- **INFORMATION SHOWN**:
--- --- ---

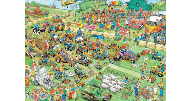 Puzle "Jan van Haasteren: Lawn Mower Race" ar 1000 puzles gabaliņiem.
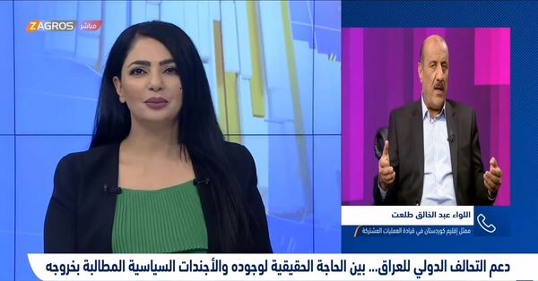 هذا وشدد طلعت على أن الجيش العراقي وقوات البيشمركة بحاجة إلى قوات التحالف الدولي من حيث الدعم اللوجستي والإسناد الجوي، معتبراً أنه "لولا قوات التحالف لما وصلنا إلى تحقيق هذه النتائج في هذه المرحلة".
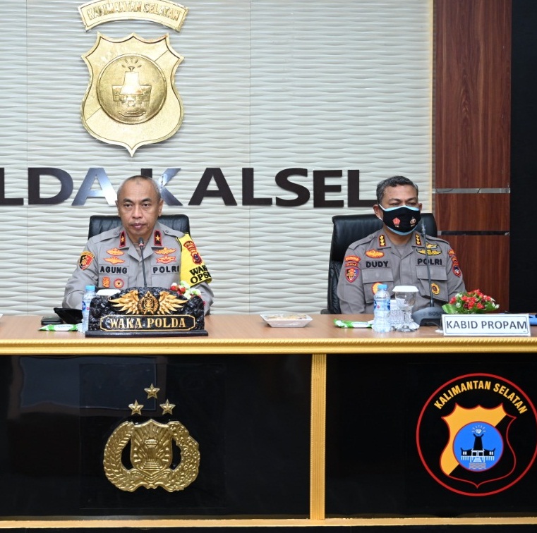 SuarIndonesia – Wakil Kepala Kepolisian Daerah Kalimantan Selatan (Wakapolda Kalsel) Brigjen Pol. Mohamad Agung Budijono, S.I.K., M.Si, memberikan arahan kepada seluruh personil Bidang Profesi dan Pengamanan (Propam) Polda Kalsel, Senin (2/11/2020).
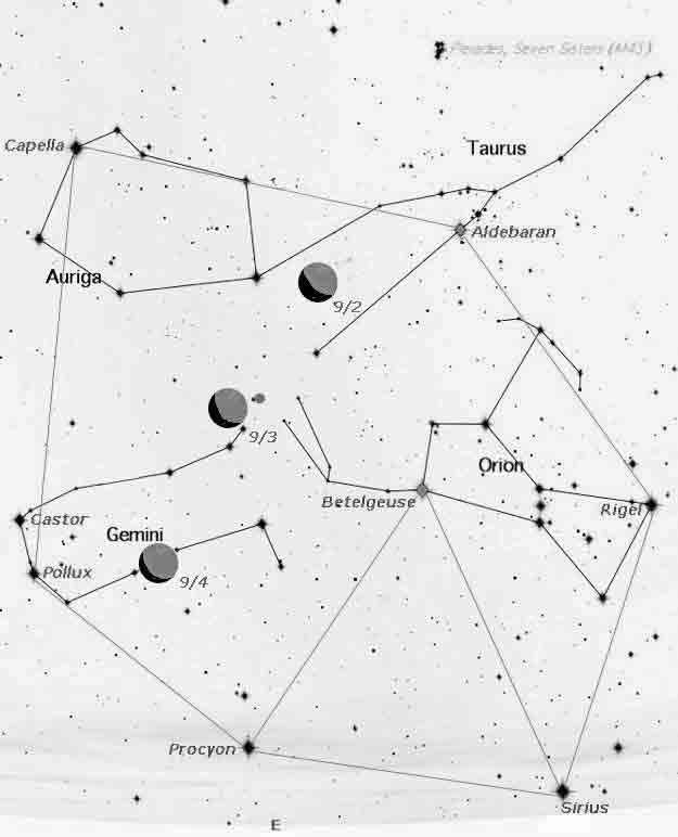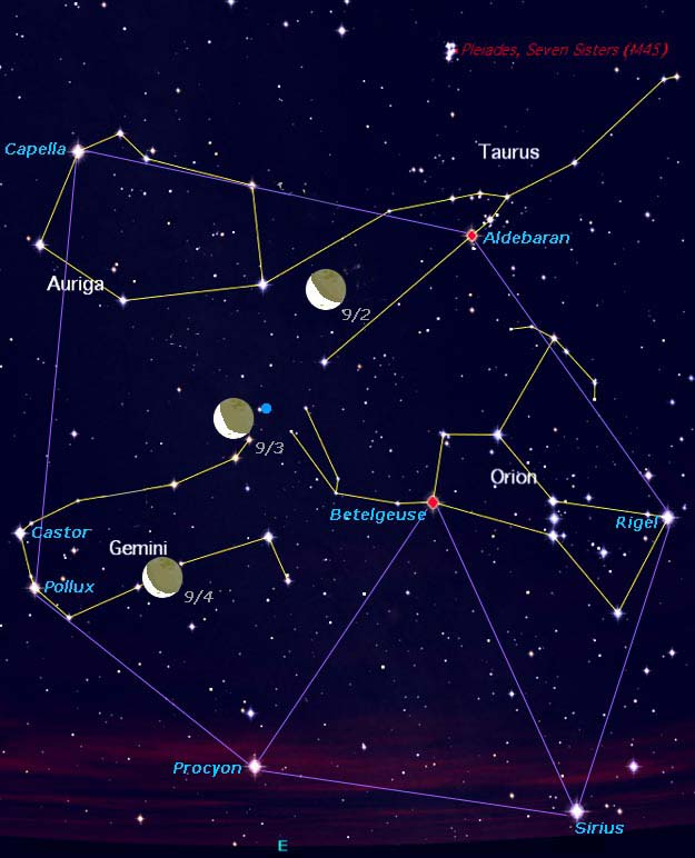 September 4, Saturday, the thinning Moon rises around 2:30am. It lies to the right (south) of Pollux in the constellation of the Gemini Twins. The cosmic Twins though opposites, Castor representing the form and Pollux the spirit, innately cooperate for the benefit of the whole. These aligned celestial bodies affirm that our present world of dualities and differences can offer opportunities of compassion and cooperation, which in turn lead to heartfelt expansions of consciousness. Imagine humanity with hearts ablaze dissolving differences and giving birth to the New Earth.
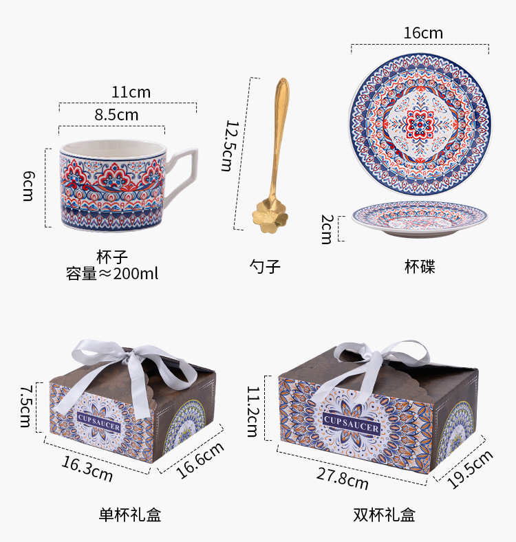 | Colores | Caja de regalo de Melbourne 1 taza 1 disco,Caja de regalo de lunares 1 taza 1 caja de regalo de disco,Bohemia Una caja de regalo de 1 taza y 1 plato,Caja de regalo Bohemia B 1 taza 1 plato,Caja de regalo Bohemia C 1 taza 1 plato,Caja de regalo Bohemia D 1 taza 1 plato,Mapa de dimensiones |
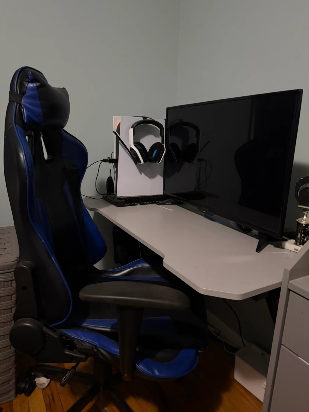 Selling a gray gaming desk & chair. It's sturdy and in good condition, perfect for setting up your gaming station or home office
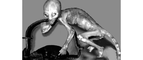 Мелкий гадёныш ростом 15 см., розовокожий и безволосый, издавал отвратительный крик. Его лапа была зажата мышеловкой и таинственная тварь не могла освободиться самостоятельно.
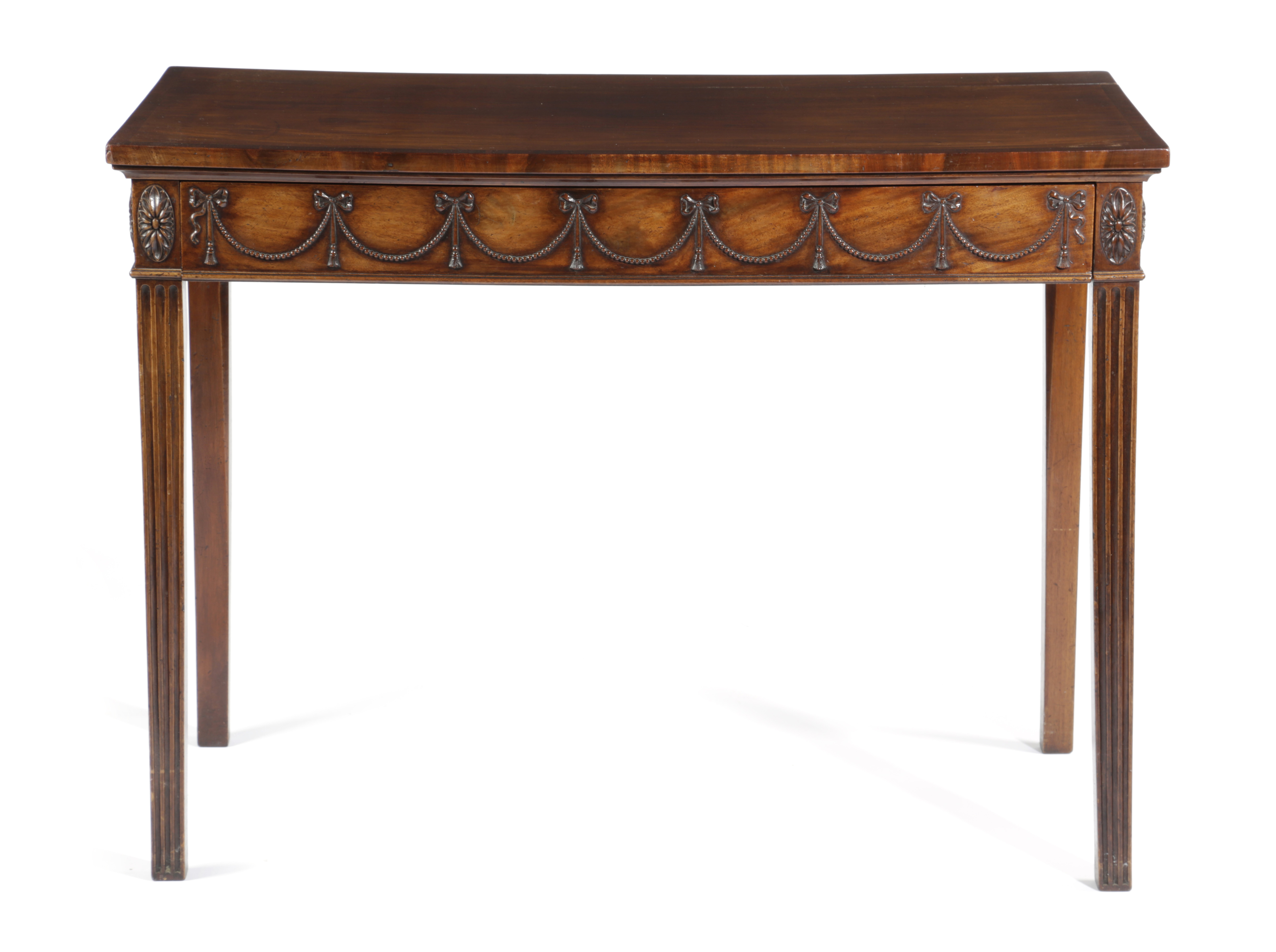 the crossbanded top above a frieze drawer, with applied ribbon and tassel bead swags and oval paterae on fluted legs

--- --- ---

- **WORK REQUEST**: Output the data above exactly, excluding images.

- **REPLY TO THE TASK**:
 Puzle "Jan van Haasteren: Lawn Mower Race" ar 1000 puzles gabaliņiem.
 هذا وشدد طلعت على أن الجيش العراقي وقوات البيشمركة بحاجة إلى قوات التحالف الدولي من حيث الدعم اللوجستي والإسناد الجوي، معتبراً أنه "لولا قوات التحالف لما وصلنا إلى تحقيق هذه النتائج في هذه المرحلة".
 SuarIndonesia – Wakil Kepala Kepolisian Daerah Kalimantan Selatan (Wakapolda Kalsel) Brigjen Pol. Mohamad Agung Budijono, S.I.K., M.Si, memberikan arahan kepada seluruh personil Bidang Profesi dan Pengamanan (Propam) Polda Kalsel, Senin (2/11/2020).
 September 4, Saturday, the thinning Moon rises around 2:30am. It lies to the right (south) of Pollux in the constellation of the Gemini Twins. The cosmic Twins though opposites, Castor representing the form and Pollux the spirit, innately cooperate for the benefit of the whole. These aligned celestial bodies affirm that our present world of dualities and differences can offer opportunities of compassion and cooperation, which in turn lead to heartfelt expansions of consciousness. Imagine humanity with hearts ablaze dissolving differences and giving birth to the New Earth.
 | Colores | Caja de regalo de Melbourne 1 taza 1 disco,Caja de regalo de lunares 1 taza 1 caja de regalo de disco,Bohemia Una caja de regalo de 1 taza y 1 plato,Caja de regalo Bohemia B 1 taza 1 plato,Caja de regalo Bohemia C 1 taza 1 plato,Caja de regalo Bohemia D 1 taza 1 plato,Mapa de dimensiones |
 Selling a gray gaming desk & chair. It's sturdy and in good condition, perfect for setting up your gaming station or home office
 Мелкий гадёныш ростом 15 см., розовокожий и безволосый, издавал отвратительный крик. Его лапа была зажата мышеловкой и таинственная тварь не могла освободиться самостоятельно.
 the crossbanded top above a frieze drawer, with applied ribbon and tassel bead swags and oval paterae on fluted legs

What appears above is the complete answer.